I love relating with life based on the things I have been exposed to. We have all been at the receiving ends of one thing or the other in life. We haven't gotten everything all figured out but we are pushing through life while deliberately or accidentally learning...anyway and anyhow...
I poured out my thoughts through poems again today and I hope you enjoy these ones too.

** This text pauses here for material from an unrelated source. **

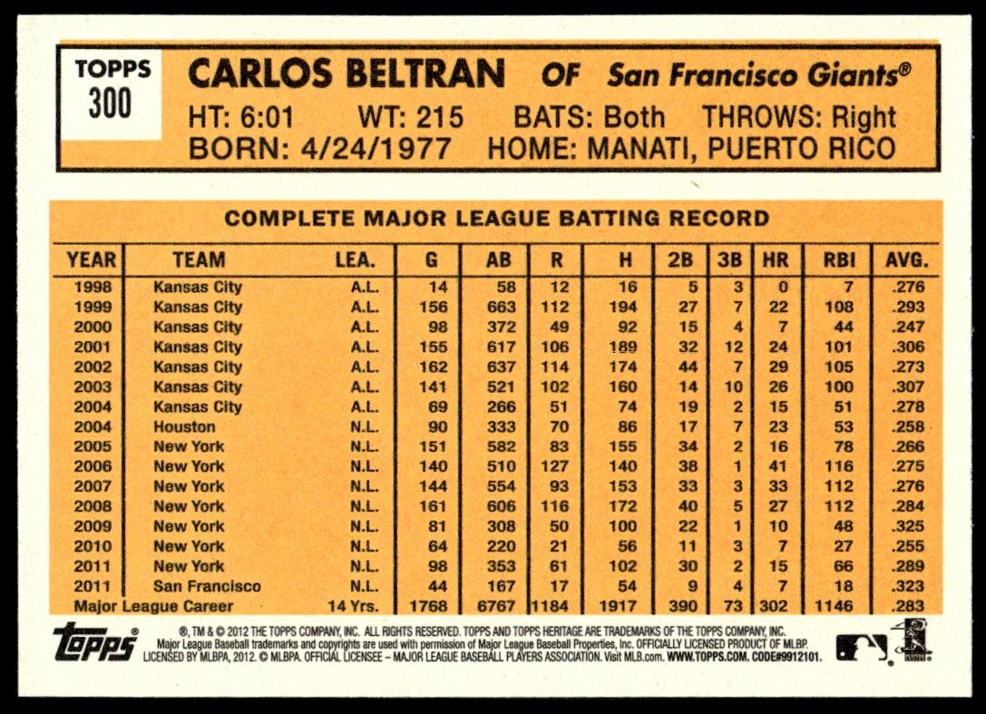This Baseball card, from 2012 is part of the Topps Heritage card set. Carlos Beltran is featured and has a card number of 300.

They are my works and I want to share more and more of them.
Zero Regrets.
Sometimes I wish I waited a little longer
Often times I wish I could go back in time
I wish I had the opportunity to change some things
I wish I never had to go through some things I did
Well, if wishes were horses, even beggars would ride
I wish I can close my eyes and bring a halt to that tide
I just wish for every trouble that shows up I can hide
Troubles come albeit as thick as the rock and some mild
I wish I could "unmeet" some people and meet some
I wish I could have done things better than I actually did
I wish the ocean would rise and I would run across
I wish I never had to experience some hurts that I did
Well, for every tear I shed and cry, I have no more regrets
I know they made me stronger and redirected my views
I had no regrets for all the times I stayed up and cried
Zero Regrets, II.
For all the times I was judged wrongly and tried
They all added up to make me who I really turned out to be
Without these experiences, how can I help another grow?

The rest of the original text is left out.